Today we spent some time in a Trappist Abbey (the photo is of their tabernacle) as sort of the celebration of this day, feast of Mary, Queen of Heaven and Earth. The quiet chapel reminded us of the article of Jim Arraj we read yesterday night on Reginald Garrigou-LaGrange and two principles he stressed in his mystical theology, namely that all of us is called for contemplation and that contemplation is infused contemplation, free gift of God, not result of our active efforts:
" The universal call to contemplation, and this identification of contemplation with infused contemplation are the twin pillars that support Garrigou-LaGrange’s mystical theology, and instead of being forgotten, they ought to remain in the forefront of our minds when we look at the contemporary attempts to renew the contemplative life.... When a new interest in the contemplative life arose after the Second Vatican Council, these battles, when they were remembered at all, were remembered with distaste, and while Garrigou-LaGrange’s idea of the universal call to contemplation had gone mainstream, and thus survived, his insistence on contemplation as infused contemplation was forgotten.But how else can people be rather indiscriminately invited to practice contemplative prayer unless contemplation is understood as something within our power to do? But if it is something that we can do, then it is a matter of the exercise of the human faculties, however subtly we are urged to exercise them, and it is not the infused contemplation which Garrigou-LaGrange accepts at being at the heart of the Christian mystical tradition." (From "Reginald Garrigou-LaGrange
and the Renewal of the Contemplative Life" at http://www.innerexplorations.com/chmystext/reginald.htm )

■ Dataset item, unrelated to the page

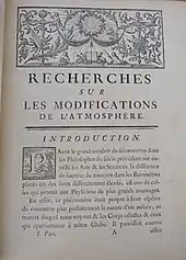 First page of a 1772 copy of volume 1 of "Recherches sur les modifications de l'atmosphère"
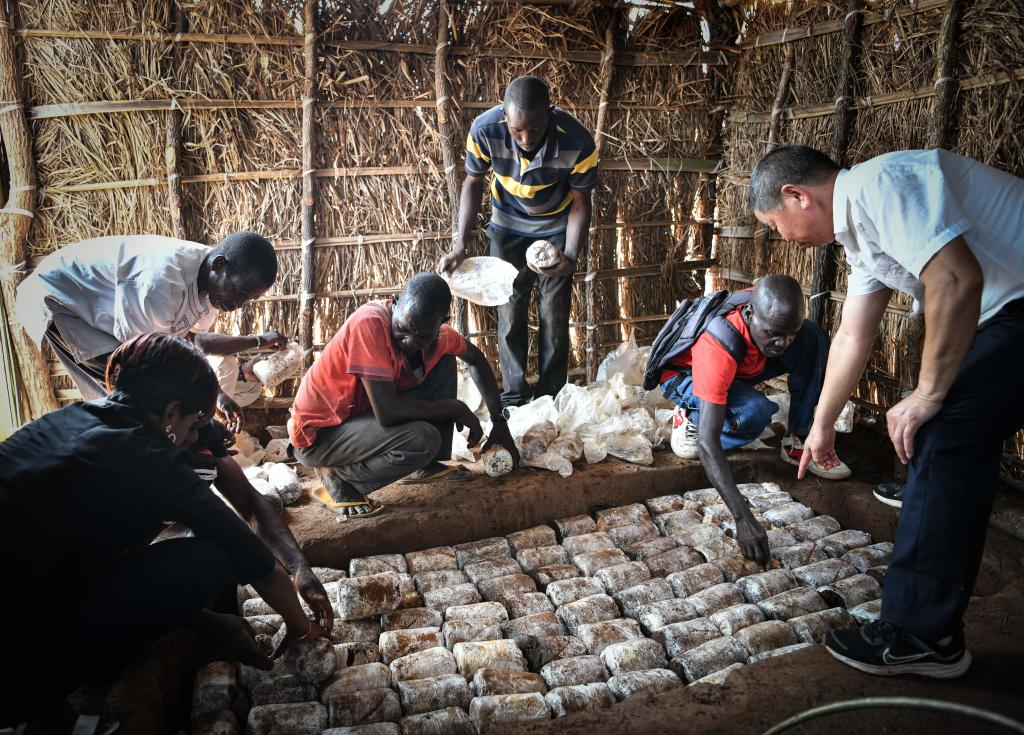 8月14日,在卢旺达南方省穆汉加区,尼扬博·奥贝德在食用菌培育工坊内检查菌袋。曾两次赴中国进行菌草技术培训的尼扬博·奥贝德在南方省和东方省各拥有一家工坊。

Read this writing it is rather inspiring. Our take on contemplative life is more or less that we try to expose ourselves to God, giving our time and try to pray as at the moment we are capable and trust that somehow contemplation will be infused, given to us with certainty. Or, as if all prayer had many dimensions and while we see only one - to say it is meditation, vocal prayer, centering prayer etc - all the other dimensions are present and so the infused contemplation, too. While doing many things with intention of searching God and what is good we are growing in love and knowledge of God and what else is infused prayer if not the infused love of God in our hearts by the Holy Spirit (Rom 5:5).